人生

2つの選択肢で迷った時の考え方(どうやって決断するか?)

人生には何度か「AとBのどちらを選ぶか?」という究極の2択を迫られる場面がある。

そして、大抵の場合、その決断は後から変更できない不可逆なものである。もしくは、後から修正できるとしてもその難度は極めて高い場合が多い。

例えば…

  • 進学(どの学校に行くか?)
  • 就職
  • 結婚
  • 出産(子供を産むか否か)
  • 起業
  • 移住

といったものがそれにあたる。

さて、こういった人生の帰路に立たされた場合、どうやって決断すればいいのか?その方法について、私の考え方をまとめておく。
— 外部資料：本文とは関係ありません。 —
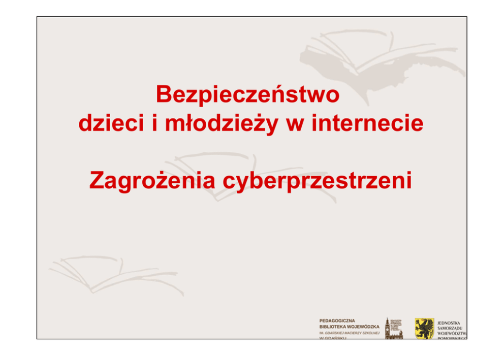 Bezpieczeństwo dzieci i młodzieży w internecie Zagrożenia cyberprzestrzeni Korzystanie z internetu w Polsce • w 2013 r. liczba użytkowników internetu w Polsce ustabilizowała się (62% mieszkańców Polski powyżej 15. roku życia) • prawie 100% Polaków w grupie wiekowej 15-24 lata korzysta z sieci • obecność w mediach społecznościowych jest jednym z najważniejszych aspektów korzystania z internetu – aż 3/4 internautów deklaruje, że ma konto na portalu społecznościowym za: World Internet Project (edycja polska) w 2013 Korzystanie z internetu w Polsce • użytkownicy internetu posiadają: – laptopy – 71% – komputery stacjonarne – 57% – 31% – smartfon, a 12% – tabletu (urządzenie to jest najpopularniejsze wśród osób w wieku 15–29 lat); • jeśli chodzi o sposoby łączenia się z internetem, to: – 67% robi to za pośrednictwem laptopa, – 55% – komputera stacjonarnego, – 28% – smartfonu, – 6% – tabletu (najpopularniejszy wśród osób w wieku 15–29 lat), – 3% – smart tv. za: World Internet Project (edycja polska) w 2013 Korzystanie z internetu w Polsce • w 2012 r. 50% nastolatków używało internetu w telefonach komórkowych (3) – w 2014 r. – 54,3% (2) • w 2013 r. w Polsce dzieci i młodzież (15–19 lat) w ciągu tygodnia korzysta z internetu przez 23 godziny co w dziennym bilansie stanowi prawie 3,5 godziny (1) – w 2014 r. – 3h 40 min. (2) 1. Wg. danych World Internet Project edycja polska w 2013 r. 2. Raport „Nastolatki wobec Internetu” – RPD, NASK, Pedagogium, 2014 3. ADBEU NET BADANIE NADUŻYWANIA INTERNETU PRZEZ MŁODZIEŻ W POLSCE, 2012 Zagrożenia NIEBEZPIECZNE TREŚCI I ZACHOWANIA • sceny przemocy, pornografia, np. w grach komputerowych, filmach, portalach internetowych • wulgarny język, np. w komunikatorach, na forach dyskusyjnych, forum szkoły • grooming, sexting, Korzystanie ze stron erotycznych web-cam sexting 7–12 lat – 27% 13–15 lat – 33% • nadużywanie internetu 16–18 lat – 45 % Za: PBI – Polskie Badanie Internetu - badanie internautów 2014 Zagrożenia CYBERPRZEMOC • • • przemoc psychiczna, nękanie, ośmieszanie, umieszczanie filmów w sieci, tworzenie fałszywych stron internetowych przez rówieśników rozpowszechnianie sprawstwa cyberprzemocy waha się w przedziale od 7 do 35% najwyższy odsetek sprawców obserwuje się w grupie 13–15 lat (Calvete, 2010) • 52% internautów w wieku 12-17 lat przyznaje, że za pośrednictwem Internetu lub telefonii komórkowej miało do czynienia z przemocą werbalną – 47% badanych doświadczyła wulgarnego wyzywania – 21% badanych doświadczyła poniżania, ośmieszania i upokarzania – 16% badanych doświadczyła straszenia i szantażowania cyt. za: Ronatowicz, Cyberpodwórko - profilaktyka ryzykownych zachowań seksualnych dzieci, młodzieży i młodych dorosłych w wirtualnym świecie, 2015 Zagrożenia KRADZIEŻ INFORMACJI • wyłudzanie informacji (dane osobowe, wrażliwe informacje) • nielegalne rozpowszechnianie plików z muzyką, grami lub filmami • nieprawdziwe informacje (plagiaty, nieweryfikowanie informacji z internetu w źródłach naukowych) Zagrożenia INNE • promocja niewłaściwego systemu wartości, sekty, samobójstwa, anoreksja, używki, zakupy, • wirusy komputerowe, • uzależnienie od komputera, skutki zdrowotne nadaktywnego korzystania z komputera Bezpieczne korzystanie z internetu w ofercie PBW w Gdańsku NAUCZYCIELE Bezpieczeństwo dzieci i młodzieży w internecie. Zagrożenia cyberprzestrzeni – szkolenie Serwisy społecznościowe w edukacji – warsztaty Kulturalnie = legalnie, czyli o prawie autorskim – szkolenie Szkolenia rad pedagogicznych Dziecko bezpieczne w sieci – prezentacja podczas zebrań z rodzicami Bezpieczne korzystanie z internetu w ofercie PBW w Gdańsku UCZNIOWIE Lekcja bezpieczeństwa, czyli o prywatności online (kl. IV-VI) Bezpieczni w sieci. Korzyści i zagrożenia cyberprzestrzeni (gimnazjum i szkoły ponadpostawowe) Kulturalnie = legalnie, czyli o prawie autorskim (szkoły ponadpodstawowe) W labiryncie informacji. Warsztaty wyszukiwania w internecie (gimnazjum i szkoły ponadpostawowe) Dziękuję [email protected] [email protected] Zawiera fragmenty prezentacji „Bezpieczeństwo dzieci i młodzieży w internecie – najnowsze zagrożenia cyberprzestrzeni” / Fundacja Odkrywców Innowacji, cop. 2015, wersja 3. Modyfikacja 22.10.2015.

必ずしも私の考え方が正解とは言えないが、読者が決断に迫られた時、その負担を軽くすることができると思う。

実は、どちらを選んでも正解である

いろんな選択肢がある中から、A or Bの2択まで絞り込むことができ、その2つのどちらを選ぶかで悩んでいるということは、どちらも選び難いほど良い選択肢だと考えることができる。

もちろん、どちらか一方を選べば他方は選べない。切り捨てた方のメリットが惜しくなるのはわかる。しかし、それはトレードオフなので仕方がない。受け入れる他ない。

ショートケーキを食べるか、ステーキを食べるかで悩んでいるようなものである。どちらも美味しいが、違う美味しさである。どちらを選ぶかは、その時の自分の心の声に従って決めればいい。どちらを選ぼうと美味しい食べ物にはありつける。

たとえ間違った選択をしたとて、結局どちらを選ぼうか死ぬほど悩んでいた2つのうちの1つを食べられるわけで、大した損失にはならない。であれば、早く決断してしまった方がいい。

「AではなくBを選んでいたら、もっと成功したかも…」は幻想である

AかBかの選択で、Aにすると決断した後、AではなくBを選んでいたらもっと成功していたかも?と考えてしまうのは時間の無駄である。

Aを選ぼうとBを選ぼうと、この疑念は襲ってくる。しかし、一切無視して良い。なぜなら、Aを選んだ場合の人生と、Bを選んだ場合の人生は比較することができないから。よって、考えるだけ無駄である。

この疑念のいやらしいところは、AではなくBを選んでいたら失敗していた可能性もあるのに、それを全く考慮していない点である。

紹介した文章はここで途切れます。